Classic film noir about a pickpocket (Richard Widmark) who snatches microfilm of US military secrets wanted by the Soviets. He's so obnoxious that the detective on the case keeps getting busted for beating him up! The mark who had her bag picked (Jean Peters) also wants to recover the MacGuffin, but improbably falls in love with the three time loser.
This is an exciting, great looking thriller. But what it's most remembered for is a touching performance from Thelma Ritter as the neck tie selling stoolie, who just wants enough money so she doesn't get buried in a pauper's grave in Potter's Field. She gets great lines but brings enormous pathos to what could just be a Runyonesque archetype.

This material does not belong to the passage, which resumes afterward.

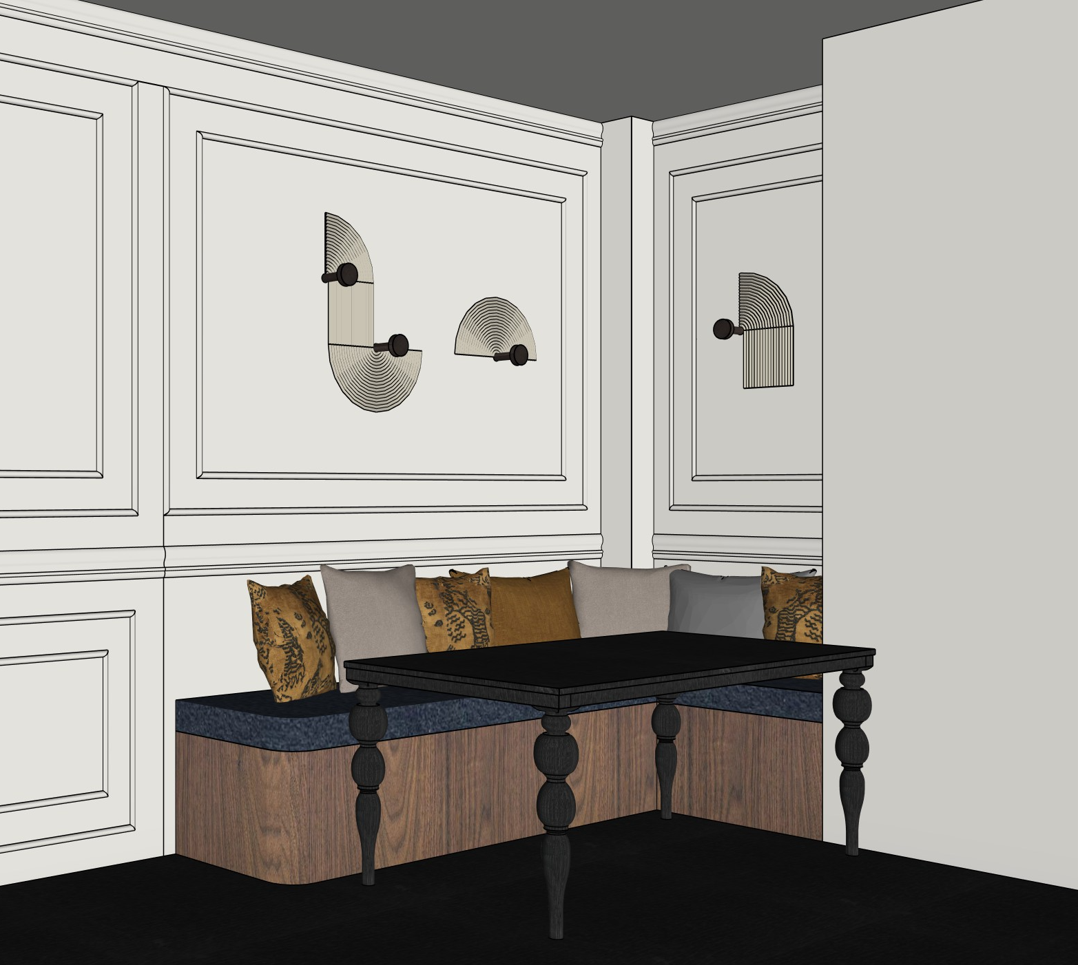 the appartment is on the 6th floor in a parisian building the walls are in very light greige the floor is in black wood the blue cushions of the bench are in dark blue velvet and should cover the entirety of the bench including its rounded end the table is in black oak the ceiling is in the same color as the walls there is no panther print on the cushions the lights are the tapis model from wever ducre style like athena caldrone

Sam Fuller digs into the crooked code of the black economy. The criminal secrets that the underworld pass around all have a monetary value. So while this is superficially about the red scare, it's actually more potently disillusioned with American capitalism- a risky perspective in the McCarthy era.
Fuller relocates noir from California to New York, and benefits from a great waterfront setting. Widmark's shack on stilts makes for a memorable image. There's a fine jazz score. Best of all is Fuller's pungent, realistic dialogue full of criminal jargon. Sometimes funny, but often heartbreaking.
Mainly interesting as an example of how Hollywood spread pro capitalist propaganda. The premise appears to be that thieves are morally superior to communists.
Sam Fuller made some interesting films, but this isn't one if them. Although it doubtless pressed all the right buttons at the time, nowadays its ranting paranoia about "Commies" just seems embarrassing, especially since with the benefit of hindsight we now know that Communist infiltration of the USA at that time was practically non-existent, and the evil hypocrisy of Senator McCarthy and the HUAC is now seen as a shameful blot on American democracy that ruined numerous peoples' lives and drove some of its victims to suicide over an alleged "threat" that didn't really exist to any meaningful extent.
Richard Widmark, who would have won the Academy Award For Sneering every year if there had only been such a thing, sneers magnificently as somebody bad with a small b - he picks pockets - who encounters Bad with a very big B indeed - Commies!!! - and has to choose between the temptation of vast sums of money, which in his cynical sneering way he believes is the only thing he's interested in, and doing the right thing. Basically, does he want to get very rich by selling out every decent hard-working American to grovel under the jackboots of Stalin forever, or would he ultimately prefer to turn the vile Commie traitors over to the FBI to be shot out of hand like the rabid dogs they are? Gee, I wonder if you can guess how this film ends...
Widmark is good, because within his limited acting range he usually was. Most of the supporting cast are good. The basic idea of a selfish petty criminal having to weigh personal gain against admitting that some things matter a lot more than he does is a perfectly sound one, and features heavily in the plots of quite a few films in this genre. What sinks it is a script that allows Commies absolutely no redeeming features whatsoever. They're despicable one-dimensional cowards who are evil through and through, and nothing else. They can't even shave properly! If throughout this movie you replaced the word "Commie" with "Nazi Cancer Daleks From Hell", it would make just as much sense, and be a lot funnier. Even the confusion our reluctant hero experiences when he's attracted to a girl who is - horrors! - a COMMIE!! isn't used for proper dramatic effect because nobody genuinely attractive could possibly be one of those subhuman Commie scum, so she's soon revealed to be a dupe who didn't know who she was really working for, and just about throws up when she finds out. Technically it's well made and acted, but the constant one-note anti-Commie hysteria utterly ruins it.